Working on my own all day, I do miss the social interaction of work. At the start of the pandemic, like most, I tried group zoom calls and quizzes but, as we all know, it’s hard to have group discussions via video call. Instead, I now make the point of scheduling a short video call each week with a colleague or friend to have a coffee and a chat and that does help keep in touch with people.

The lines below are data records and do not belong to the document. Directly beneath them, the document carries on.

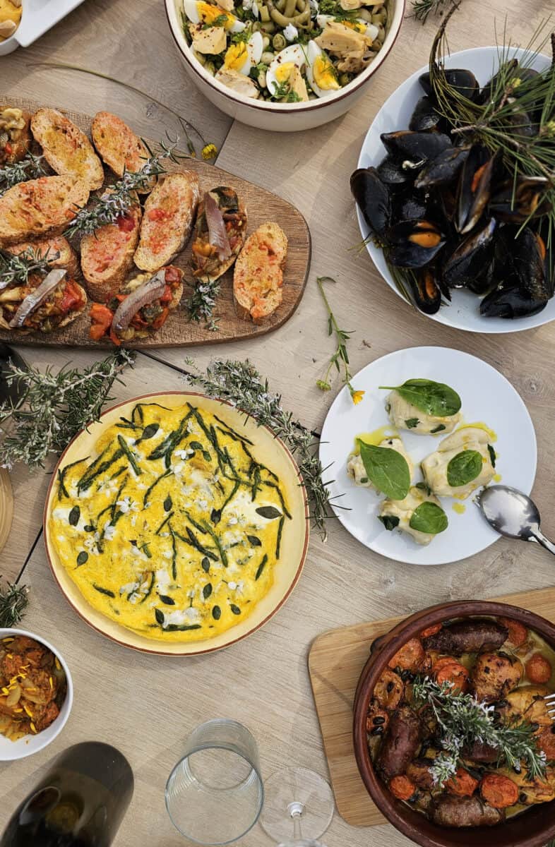 Niet veel later neem ik plaats aan de grote tafel, Anna heeft ondertussen een aantal wijnen van Mas Geli klaargezet. De tafel staat vol met de mooiste gerechten, het merendeel van het eten is typisch Catalaans legt Iolande uit.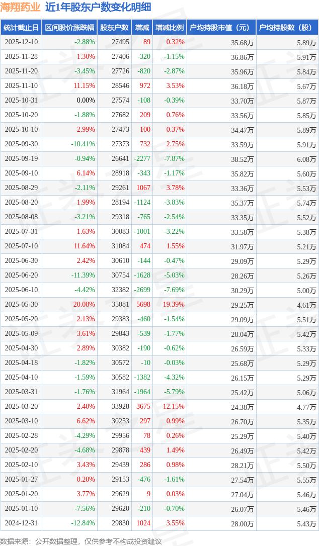 从股价来看,2025年11月28日至2025年12月10日,海翔药业区间跌幅为2.88%,在此期间股东户数增加89.0户,增幅为0.32%。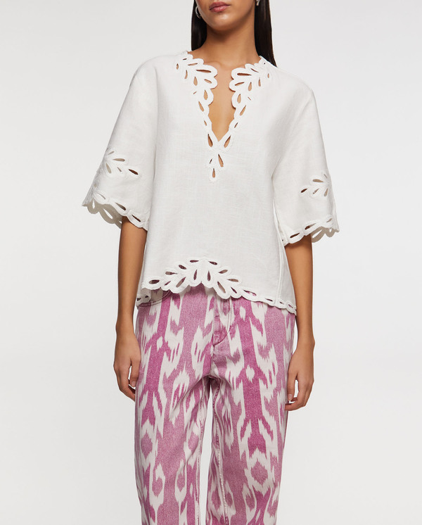 Jeans Joanny from Isabel Marant. These jeans are a sleek and trendy choice for any occasion. In a beautiful pink shade, they combine elegance with comfort, making them perfect for both everyday wear and special occasions. With their modern fit and sophisticated details, they add a fresh and feminine touch to your wardrobe.
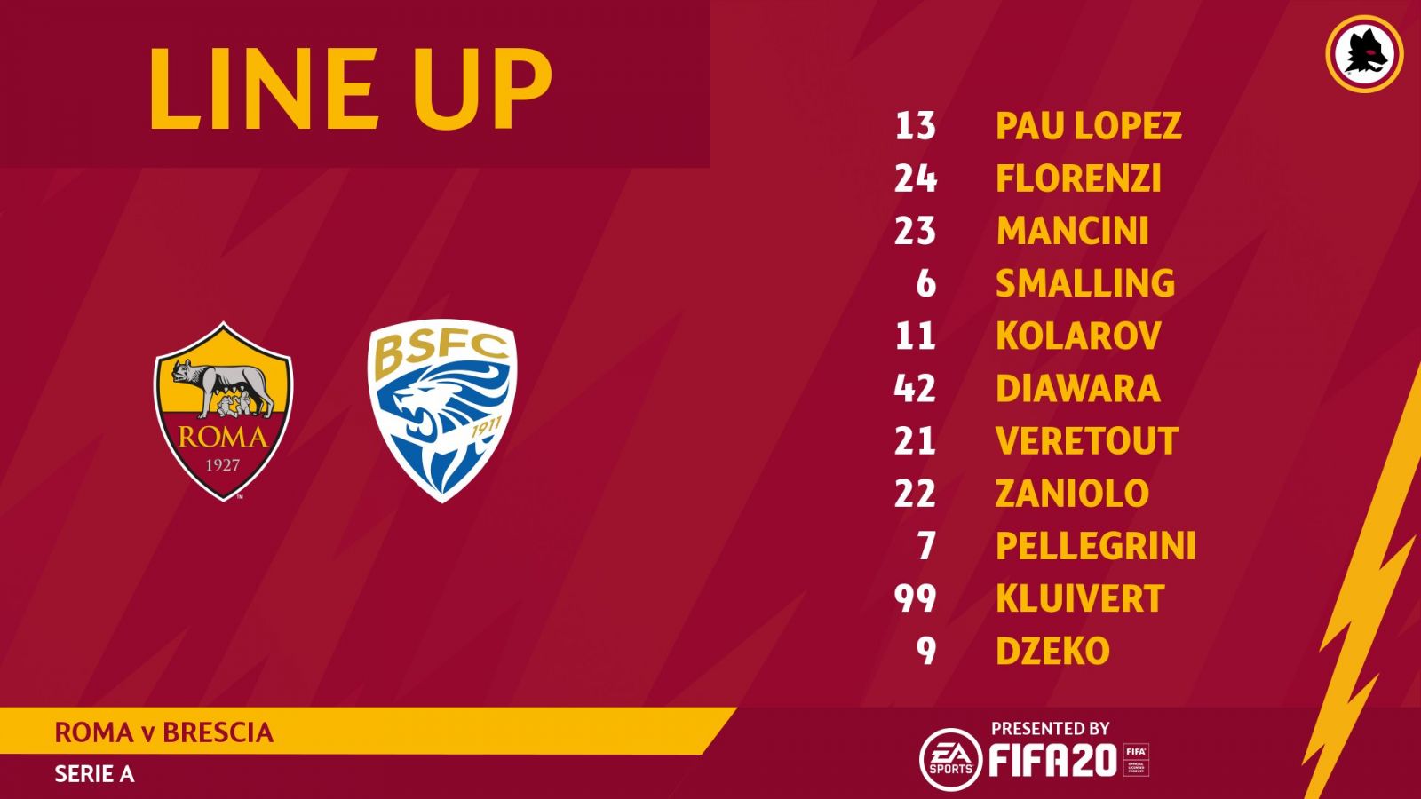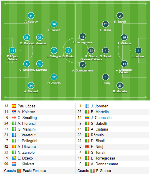 Roma: Pau Lopez; Florenzi, Mancini, Smalling, Kolarov; Diawara, Veretout; Zaniolo, Pellegrini, Kluivert; Dzeko

I’m fortunate to have a spare room to work from so I can close the door in the evening and try to leave work behind. However, it can be difficult to switch off when you’re just walking from one room to another at the end of the day. The commute between the office and home was useful to disconnect from work-mode and I do miss that break between home and work. I now take a short walk in the evening after I finish work. That 20 minutes really helps me to disconnect. Plus, my dog is delighted with all the walks he is getting these days.